In NSW, public sector workers’ pay and conditions have been attacked and the Federal Liberal Opposition has a plan to axe 12,000 federal public sector jobs. The rationale for these attacks is wrong.
In NSW, the rationale is a budgetary black hole and in Canberra it is a bloated bureaucracy. Both these claims are false and there is plenty of evidence to prove it.
Immediately after its election, the O’Farrell Government claimed to have found a $4.5 billion black hole in the NSW budget. This is a familiar modus operandi by incoming governments. Even the language is recycled and unimaginative.
Three independent reports by the NSW Treasury, the independent Parliamentary Budget Office (PBO) and the ratings agency Standard and Poors, respectively, have debunked this claim (see p17)
The Treasury report said the Coalition’s figures were $3 billion out and any deterioration was due to falling revenue.
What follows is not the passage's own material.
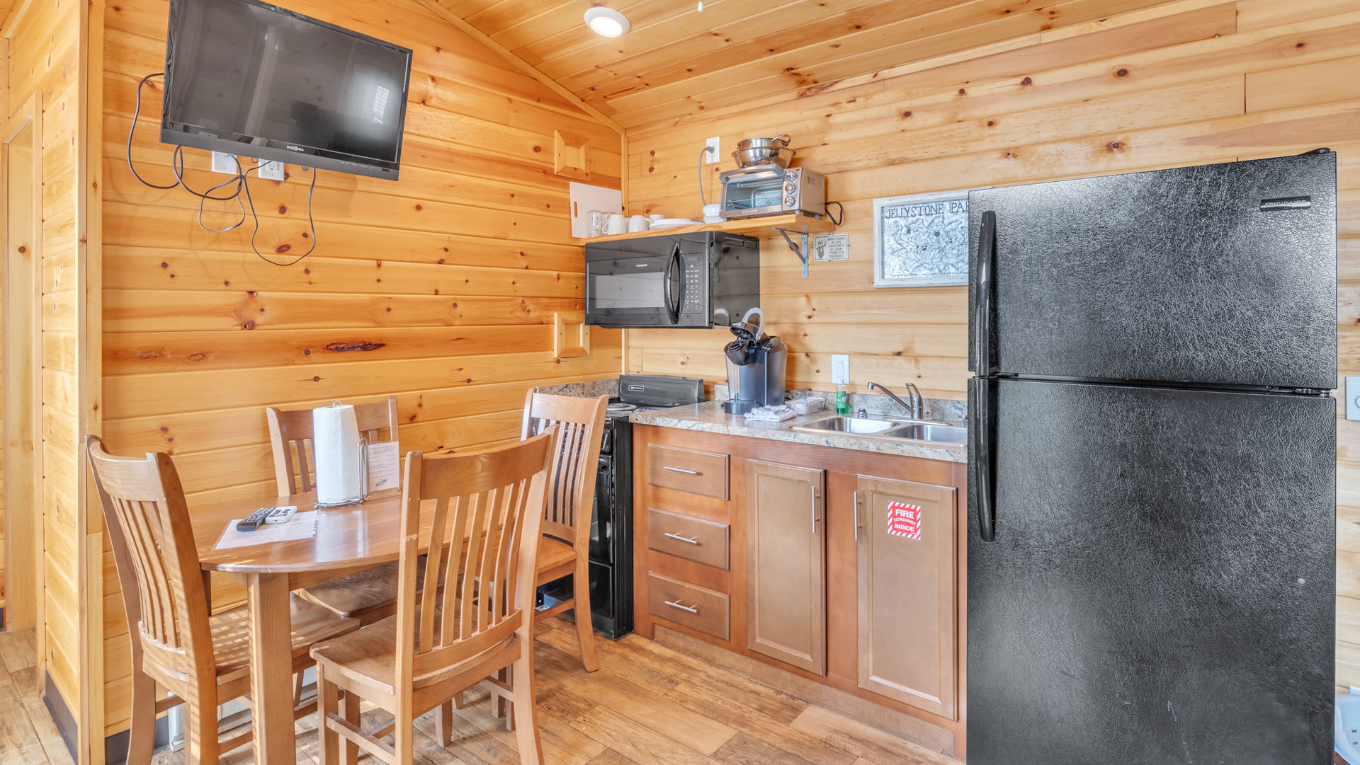 Guests also have access to all communal areas, including a small fishing pond, a swimming pool (seasonal), a pizza shop, a gift shop, and a playground.

The PBO’s report said the claim was ‘unsupported by evidence or conflicts with available information’. Standard and Poors gave the state an AAA rating and said the NSW budget was strong and in a sound operating position.
So, there is no black hole in the budget and NSW’s finances are actually very healthy. To continue to use this fiction of a black hole to justify attacks on the public sector, its conscientious employees and their pay and conditions is unconscionable.
Research by Unions NSW has found that the O’Farrell Government is out of step with the NSW public on this issue.
It found that workers in both the public sector and the private sector are opposed to public sector workers losing their right to bargain with their employer on pay and conditions. This is seen as a right for all Australians.
This is consistent with other research done by the Centre for Policy Development (CPD), which found that people are very favourably disposed to public servants and that they consider public servants to be very committed.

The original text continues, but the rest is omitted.